→ INSTRUCTIONS FOR THE TASK: Give back the full listing verbatim, apart from its images.

→ DATA BELOW:
▼

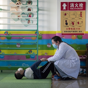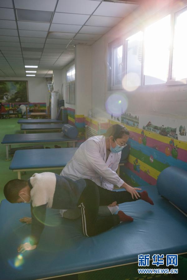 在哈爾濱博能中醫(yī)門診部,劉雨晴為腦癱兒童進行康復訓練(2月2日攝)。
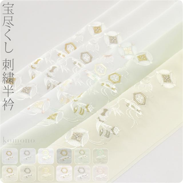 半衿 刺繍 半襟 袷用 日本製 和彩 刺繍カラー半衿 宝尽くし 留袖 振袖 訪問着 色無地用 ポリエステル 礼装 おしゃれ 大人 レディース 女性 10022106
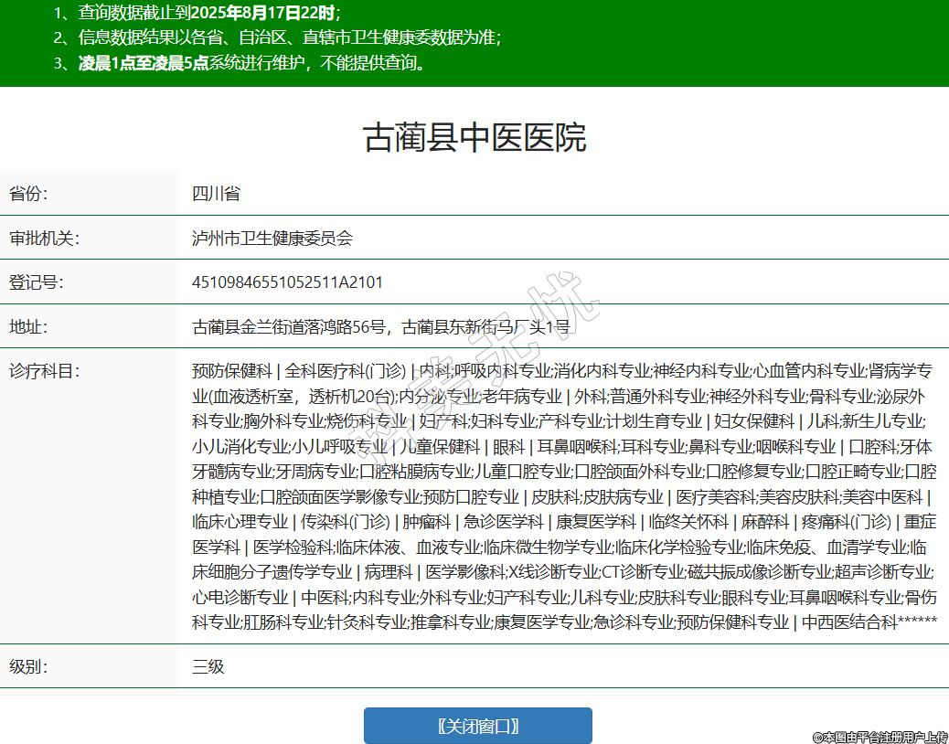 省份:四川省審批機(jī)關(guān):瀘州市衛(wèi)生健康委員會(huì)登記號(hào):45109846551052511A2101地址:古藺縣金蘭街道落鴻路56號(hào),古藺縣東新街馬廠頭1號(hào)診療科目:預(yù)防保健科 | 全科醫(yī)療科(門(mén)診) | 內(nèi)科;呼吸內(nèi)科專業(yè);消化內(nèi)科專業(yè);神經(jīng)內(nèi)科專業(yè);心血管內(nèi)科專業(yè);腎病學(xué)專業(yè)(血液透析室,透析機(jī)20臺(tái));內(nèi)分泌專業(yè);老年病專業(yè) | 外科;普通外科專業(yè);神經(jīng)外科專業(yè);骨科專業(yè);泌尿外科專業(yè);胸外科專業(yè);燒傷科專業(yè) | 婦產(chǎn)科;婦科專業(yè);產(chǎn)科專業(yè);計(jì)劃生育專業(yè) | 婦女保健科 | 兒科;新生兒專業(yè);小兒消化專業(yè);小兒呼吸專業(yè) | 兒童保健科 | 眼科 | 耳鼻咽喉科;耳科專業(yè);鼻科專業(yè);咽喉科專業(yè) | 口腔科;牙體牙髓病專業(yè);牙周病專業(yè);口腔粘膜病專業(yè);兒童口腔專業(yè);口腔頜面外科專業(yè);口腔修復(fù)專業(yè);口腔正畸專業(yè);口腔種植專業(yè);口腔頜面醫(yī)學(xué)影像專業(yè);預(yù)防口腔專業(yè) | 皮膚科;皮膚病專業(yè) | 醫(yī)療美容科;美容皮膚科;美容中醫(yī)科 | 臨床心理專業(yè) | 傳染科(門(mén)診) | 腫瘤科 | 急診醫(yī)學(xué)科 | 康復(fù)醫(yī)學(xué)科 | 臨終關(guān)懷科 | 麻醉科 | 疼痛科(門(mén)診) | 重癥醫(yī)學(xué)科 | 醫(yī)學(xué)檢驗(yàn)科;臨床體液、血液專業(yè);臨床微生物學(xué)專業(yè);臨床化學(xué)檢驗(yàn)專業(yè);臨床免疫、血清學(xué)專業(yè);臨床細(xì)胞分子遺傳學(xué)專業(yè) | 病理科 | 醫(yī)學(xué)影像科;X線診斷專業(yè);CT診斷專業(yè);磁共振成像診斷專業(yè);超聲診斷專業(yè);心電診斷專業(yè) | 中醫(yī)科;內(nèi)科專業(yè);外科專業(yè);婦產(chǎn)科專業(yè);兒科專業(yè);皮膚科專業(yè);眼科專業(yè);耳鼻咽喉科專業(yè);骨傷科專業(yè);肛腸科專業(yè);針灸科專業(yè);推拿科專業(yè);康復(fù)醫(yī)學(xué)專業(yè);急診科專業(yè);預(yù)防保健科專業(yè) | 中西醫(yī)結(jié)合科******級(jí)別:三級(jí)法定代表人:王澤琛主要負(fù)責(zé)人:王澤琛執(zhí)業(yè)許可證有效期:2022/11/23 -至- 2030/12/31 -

▲

→ SOLUTION:
 在哈爾濱博能中醫(yī)門診部,劉雨晴為腦癱兒童進行康復訓練(2月2日攝)。
 半衿 刺繍 半襟 袷用 日本製 和彩 刺繍カラー半衿 宝尽くし 留袖 振袖 訪問着 色無地用 ポリエステル 礼装 おしゃれ 大人 レディース 女性 10022106
 省份:四川省審批機(jī)關(guān):瀘州市衛(wèi)生健康委員會(huì)登記號(hào):45109846551052511A2101地址:古藺縣金蘭街道落鴻路56號(hào),古藺縣東新街馬廠頭1號(hào)診療科目:預(yù)防保健科 | 全科醫(yī)療科(門(mén)診) | 內(nèi)科;呼吸內(nèi)科專業(yè);消化內(nèi)科專業(yè);神經(jīng)內(nèi)科專業(yè);心血管內(nèi)科專業(yè);腎病學(xué)專業(yè)(血液透析室,透析機(jī)20臺(tái));內(nèi)分泌專業(yè);老年病專業(yè) | 外科;普通外科專業(yè);神經(jīng)外科專業(yè);骨科專業(yè);泌尿外科專業(yè);胸外科專業(yè);燒傷科專業(yè) | 婦產(chǎn)科;婦科專業(yè);產(chǎn)科專業(yè);計(jì)劃生育專業(yè) | 婦女保健科 | 兒科;新生兒專業(yè);小兒消化專業(yè);小兒呼吸專業(yè) | 兒童保健科 | 眼科 | 耳鼻咽喉科;耳科專業(yè);鼻科專業(yè);咽喉科專業(yè) | 口腔科;牙體牙髓病專業(yè);牙周病專業(yè);口腔粘膜病專業(yè);兒童口腔專業(yè);口腔頜面外科專業(yè);口腔修復(fù)專業(yè);口腔正畸專業(yè);口腔種植專業(yè);口腔頜面醫(yī)學(xué)影像專業(yè);預(yù)防口腔專業(yè) | 皮膚科;皮膚病專業(yè) | 醫(yī)療美容科;美容皮膚科;美容中醫(yī)科 | 臨床心理專業(yè) | 傳染科(門(mén)診) | 腫瘤科 | 急診醫(yī)學(xué)科 | 康復(fù)醫(yī)學(xué)科 | 臨終關(guān)懷科 | 麻醉科 | 疼痛科(門(mén)診) | 重癥醫(yī)學(xué)科 | 醫(yī)學(xué)檢驗(yàn)科;臨床體液、血液專業(yè);臨床微生物學(xué)專業(yè);臨床化學(xué)檢驗(yàn)專業(yè);臨床免疫、血清學(xué)專業(yè);臨床細(xì)胞分子遺傳學(xué)專業(yè) | 病理科 | 醫(yī)學(xué)影像科;X線診斷專業(yè);CT診斷專業(yè);磁共振成像診斷專業(yè);超聲診斷專業(yè);心電診斷專業(yè) | 中醫(yī)科;內(nèi)科專業(yè);外科專業(yè);婦產(chǎn)科專業(yè);兒科專業(yè);皮膚科專業(yè);眼科專業(yè);耳鼻咽喉科專業(yè);骨傷科專業(yè);肛腸科專業(yè);針灸科專業(yè);推拿科專業(yè);康復(fù)醫(yī)學(xué)專業(yè);急診科專業(yè);預(yù)防保健科專業(yè) | 中西醫(yī)結(jié)合科******級(jí)別:三級(jí)法定代表人:王澤琛主要負(fù)責(zé)人:王澤琛執(zhí)業(yè)許可證有效期:2022/11/23 -至- 2030/12/31 -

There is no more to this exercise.